The majority of models obtained for amyloidogenic peptides showed lower scores (meaning more stable structures) in comparison with nonamyloids, and their first quartiles of the scores were well separated (Fig. 1). Differences between both groups were statistically significant. Based on the Mann-Whitney U test, we were able to reject the hypothesis that the distributions of both populations were identical ($p = 2.48e-8$). Considering the energy difference, we built a threshold-based classifier. The classification threshold was chosen based on the receiver operating characteristic (ROC) curve as a point on the curve closest to the point (0,1), representing perfect classification (Fig. 1B). The optimal score value in this case equaled ndope = -242. If used merely for distinguishing amyloids from nonamyloids, such a classifier was able to achieve an area under the ROC curve (AUC) of 0.73 and accuracy of 0.77. Moreover, high values of Sensitivity (0.73) and Specifictity (0.86) were obtained. Such results are comparable with state-of-the-art amyloid predictors on the same dataset (Table S1).

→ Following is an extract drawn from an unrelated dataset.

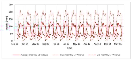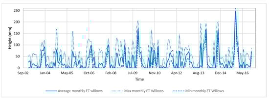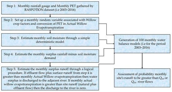 - A challenging problem in environmental engineering is the lack of long-term observations of several parameters related to a specific geoscience task. In this case, the limited information of crop monthly variation is crucial for developing a reliable modeling approach. Thus, a probabilistic Monte Carlo approach has been introduced using as random variables the monthly crop willow factors based on previous surveys in Ireland. The high uncertainty nature of these factors and their strong dependence on local meteorological conditions proves that the role of probabilistic modeling approach is necessary even though in this attempt, the probabilistic model did not consider the stochastic nature of the other meteorological variables such as rainfall and potential evapotranspiration. Future models are encouraged to use full stochastic frameworks and freely available integrated computational tools [33,34,35]. In this study, special attention has been given to Willow ET, which is a factor of local meteorological conditions, willow species, and willow management. Following a global review of 57 scientific studies across 16 countries [16] there is a clear linear regression of the water supply and Willow ET rate. The same review concludes that a critical threshold of plant density is 5 plants/m2 since for higher plant densities, ET rates are not linearly correlated.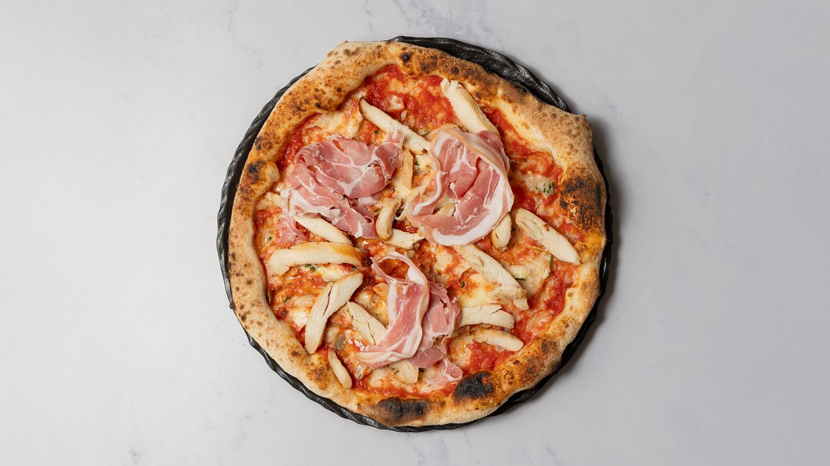 Tomatsauce, mozzarella, kylling og pancetta (italiensk bacon).

We also tested whether the method is capable of recognizing amyloid propensity in functional amyloids, which poses a major problem for most predictors due to their underrepresentation in databases of amyloids. We tested the performance of the method on imperfect repeats of the CsgA protein from Escherichia coli and Salmonella enterica⁴⁵, which were not included in our primary reference dataset (Fig. S1). Aggregation-prone regions of this protein (R1, R3, and R5) scored much lower than nonamyloidogenic regions (R2 and R4) from Escherichia coli. On these data, PACT achieved an accuracy of 0.9. Furthermore, the observed difference between the ndope score for R4 fragments from Escherichia coli and Salmonella enterica corresponds very well to the difference in their aggregation propensities observed in experiments⁴⁵.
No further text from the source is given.